RECORD EXTRACTS below:
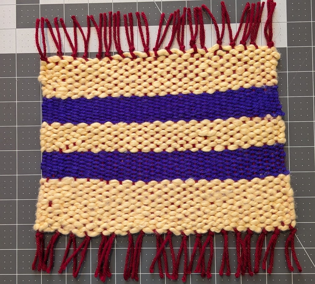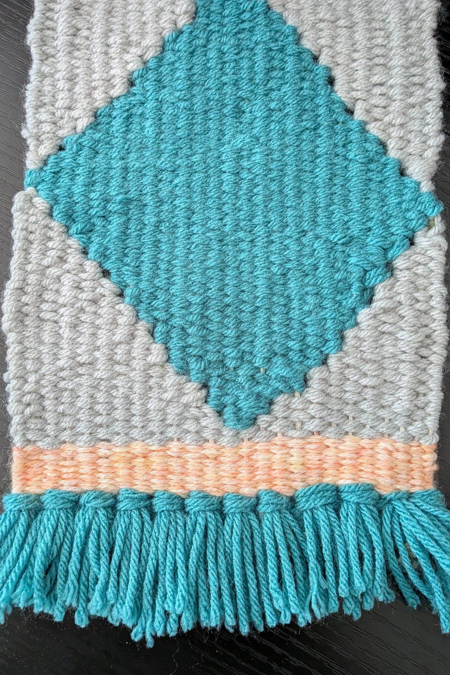 My second attempt was more challenging: a diamond shape in teal woven against a field of gray, with a peach stripe and teal fringe. It involved what’s called a “tabby” weave with double strands of yarn, giving an interesting texture to the product. But the diamond is off-center. I should have begun with an even number of warp threads, (the stationary threads you weave around), which the instructions didn’t mention. There were yarn tails everywhere that I had to weave (clumsily) into the back side. However, the exercises taught me a lot.
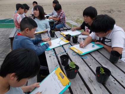 雨の多い季節となり植物がよく育ちます。4年生はツルレイシの観察をしていました。
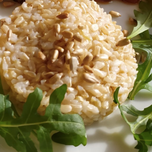 Mini pizzas aux aubergines, riz brun, salade fraîche d’été et pickles maison
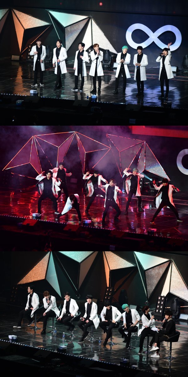 인피니트는 미니 5집 타이틀곡 ‘BAD’ 무대로 팬미팅을 시작했고 남우현은 “7년이라는 시간동안 ‘무한대집회’가 세 번째를 맞이하게 됐다. 환영한다”고 그룹을 대표해 인사했다. 이어진 토크에서 MC김민석은 출연 중인 SBS 월화드라마 ‘피고인’ 속 역할 이름인 성규를 언급하며 “성규를 연기 중이라 그런지 성규 형이 친근하게 느껴진다”고 말하며 분위기를 돋웠다. 하지만 멤버들은 MC 김민석의 읽는 듯한 진행을 꼬집으며 “인기가요 MC 같다” “당시 같이 했던 두 MC 공승연, 정연의 공백이 큰 거 같다”고 해 시작부터 웃음을 선사했다.
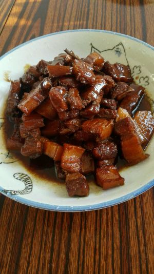 下炒过的大料,加水没过五花肉盖锅盖转中火,水开后转小火继续炖60分钟,中间要不时的看锅中的水是否还够,不够的话略微加些水,等到汤汁浓稠后加少许盐起锅,喜欢吃软一些的可以适时延长炖的时间
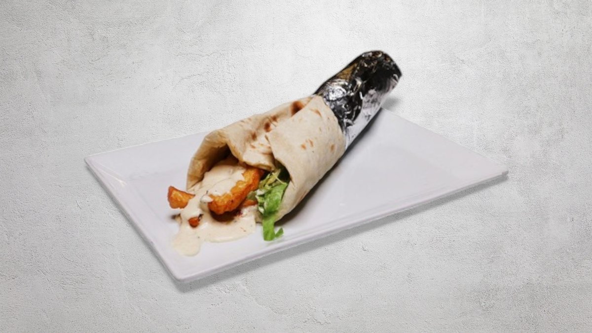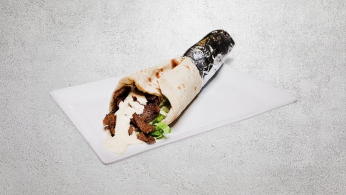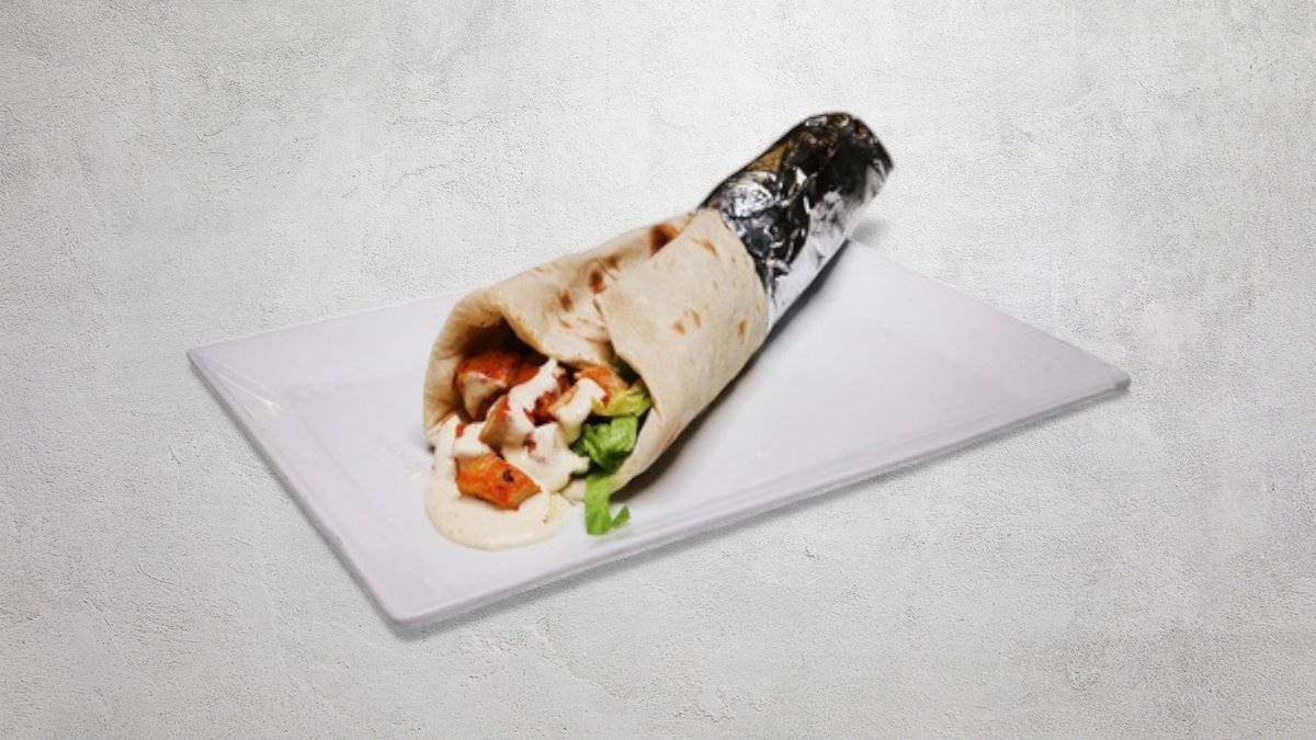 Shawarma med sallad, tomater, gurka, lök och feferoni. Välj sås i nästa steg.
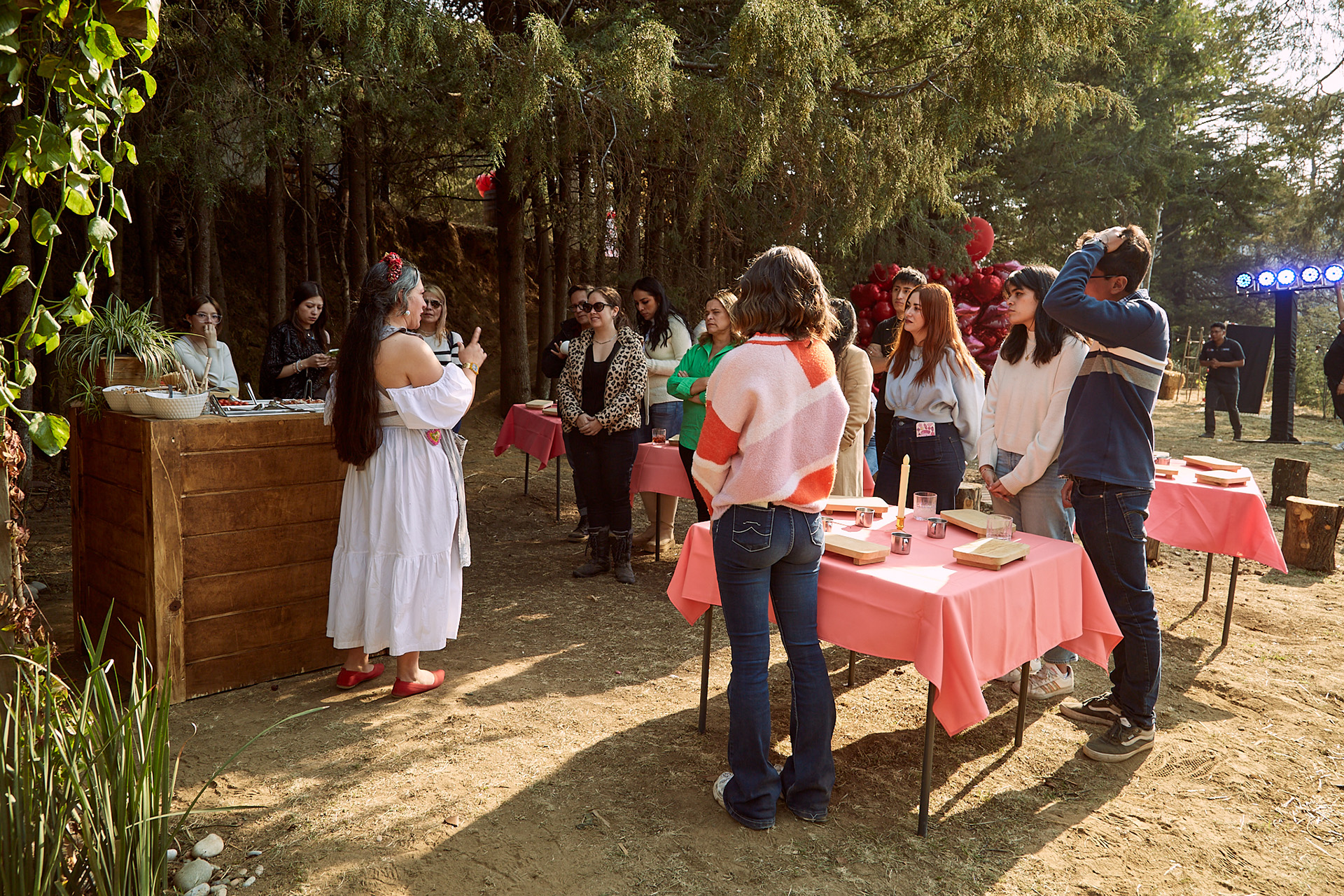 Cada experiencia se transforma en una atmósfera cuidadosamente curada. Diseñamos la ambientación con elementos sensoriales, estéticos y simbólicos que responden al tipo de experiencia y al mensaje del evento. Incorporamos:
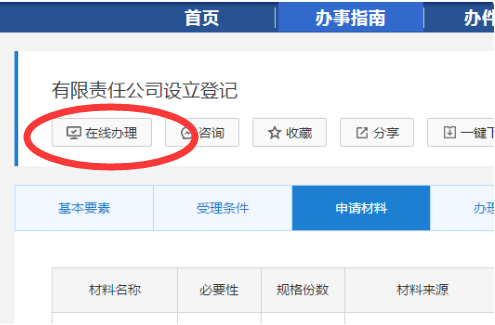 4、進入后可以登錄并點擊“在線辦理”也可以查看流程和條件。
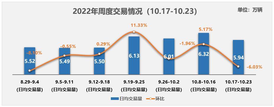 10月第三周日均交易量为5.94万辆,环比上周下降6%,与9月第三周相比下降3%。主要原因长假之后的局部疫情影响了线下的集客效应,跨区域流通也有所放缓。再者,交易需求在9月中下旬至10月中上旬基本释放完毕,对于后期的集客和成交构成压力。
End of RECORD EXTRACTS.
TASK DETAILS
Ignoring the pictures, write out word for word only the lines from the one containing "Cada experiencia se" through the last line of the data, both ends included.

ANSWER
 Cada experiencia se transforma en una atmósfera cuidadosamente curada. Diseñamos la ambientación con elementos sensoriales, estéticos y simbólicos que responden al tipo de experiencia y al mensaje del evento. Incorporamos:
 4、進入后可以登錄并點擊“在線辦理”也可以查看流程和條件。
 10月第三周日均交易量为5.94万辆,环比上周下降6%,与9月第三周相比下降3%。主要原因长假之后的局部疫情影响了线下的集客效应,跨区域流通也有所放缓。再者,交易需求在9月中下旬至10月中上旬基本释放完毕,对于后期的集客和成交构成压力。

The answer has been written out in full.